We want to strengthen this project further. We would like to see more and more people (from the medical profession and not only) getting inspired to support this primary health care infrastructure. Step by step we want to up the challenge. Already, within the coming year, we are setting up a dental surgery in the space. At the same time we are looking into getting equipment for an eye doctor to be incorporated into the programme.

Lastly, one of our initial aims which we think has been achieved is the diffusion and the reproduction of this project; naturally not as some kind of franchise. It gives us plenty of joy and satisfaction to see a number of social clinics spring up both in Greece and abroad (there are clinics in Rome and Barcelona which refer to our experience) even if we differ in our core values. Since the beginning we have aspired to witness the creation of many social clinics, not as a sterile and mechanical response to the crisis even if they reject charity, but as points of struggle, as living cells of social self organisation aiming to build those material and social prerequisites for truly taking our health into our own hands.

This last point is not so much a general vision but a proposal to other social clinics, because we think that the struggle in the field of health must be approached within a context of communities of struggle inside the social body, in our neighbourhoods and beyond wherein health will become something tangible, approachable, comprehendible, something that belongs to us, something worth fighting for.
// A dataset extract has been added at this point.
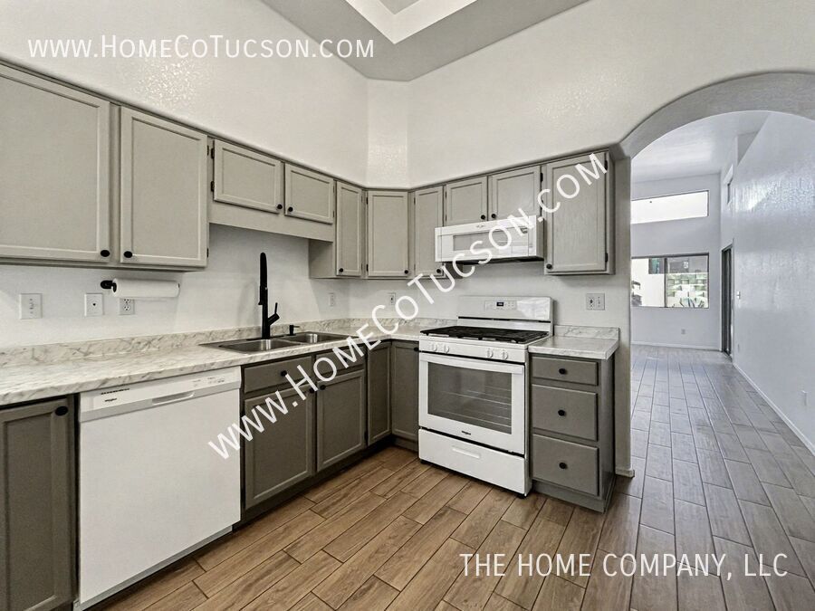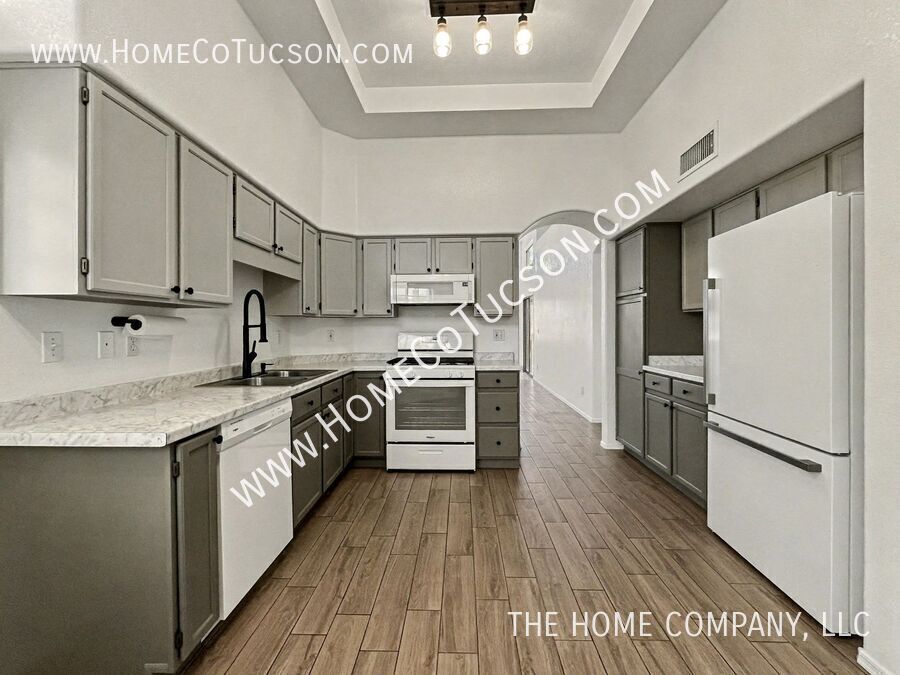 Welcome to this beautifully updated three-bedroom, two-bath home located in the desirable Linda Vista Estates neighborhood. Step inside to a spacious living area filled with natural light, featuring tall ceilings and stylish wood-look tile flooring throughout the common areas and primary bedroom. The kitchen offers a modern touch with new appliances, updated countertops, and contemporary fixtures, complemented by a bright eat-in nook and large windows. Just off the kitchen is a convenient laundry room with a full-size washer and dryer. The split-bedroom floor plan with a primary suite featuring a walk-in closet, large custom-tiled shower, and extended vanity. Both bathrooms and the kitchen have been tastefully remodeled for a fresh, modern look. Enjoy the outdoors in the walled backyard with low-care turf and two concrete patio areas — perfect for relaxing or entertaining. Additional highlights include air conditioning, a two-car garage, and a location within a community that offers sidewalks, a park, and convenient access to shopping and dining. HOA: HOA:HOA: Linda Vista Estates LCM Group LLC UTILITIES: Paid by the tenant. VIDEO TOUR: Explore this property with our comprehensive video tour to get a closer look at every detail before scheduling an in-person visit. **Walking Tour** **Virtual Tour** To review our rental qualifications, apply, view additional video tours, or schedule a showing, please visit: **Website: ** For questions during business hours, please contact us: Text: Email: QUALIFYING REQUIREMENTS: Email for a full disclosure of fees and to review a blank lease document. Experience the difference with The Home Company! Visit to schedule a showing, apply, view additional media for each available property, and review detailed qualifying requirements and information. Proudly setting the standard for property management in Arizona, The Home Company is dedicated to improving the rental experience for both tenants and landlords. As an Equal Opportunity Housing provider, we are committed to fairness and transparency in every interaction. All our agents are licensed Real Estate Professionals, delivering knowledgeable support and exceptional service. Please note, The Home Company, LLC exclusively represents the Landlord in all property-related matters. As the Landlord’s authorized Agent, our responsibility is to act in their best interests throughout the rental process. Call: (Leasing Department, Monday–Friday, 10 AM–4 PM) Carpet Laundry Room Lots Of Windows & Natural Light Metro Water Modern Light Fixtures One Story Primary Bedroom With Ensuite Bathroom Southwest Gas 1 Split Bedroom Floorplan Tall Ceilings Three Bedrooms Tile Flooring Trash Service Of Tenants Choice Tucson Electric Power Turf Two Car Garage Updated Baths Updated Kitchen Walled Rear Yard Washer And Dryer Included

Integrating the issue of health care into the context of social struggles, through interventions and actions in hospitals, through propaganda done about social struggles in the SSH, contributes to integrating our activity as a point of struggle into the wider social struggles. In short talking about solidarity and not about health care.

* A government institution that channels european funding

** This is an organisation linked to the parliamentary leftist party Syriza; its website referred to the SSH as one of the social solidarity structures operating in the city without the latter’s permission.

*** Over18 is a drug rehabilitation support group without the use of substitutes.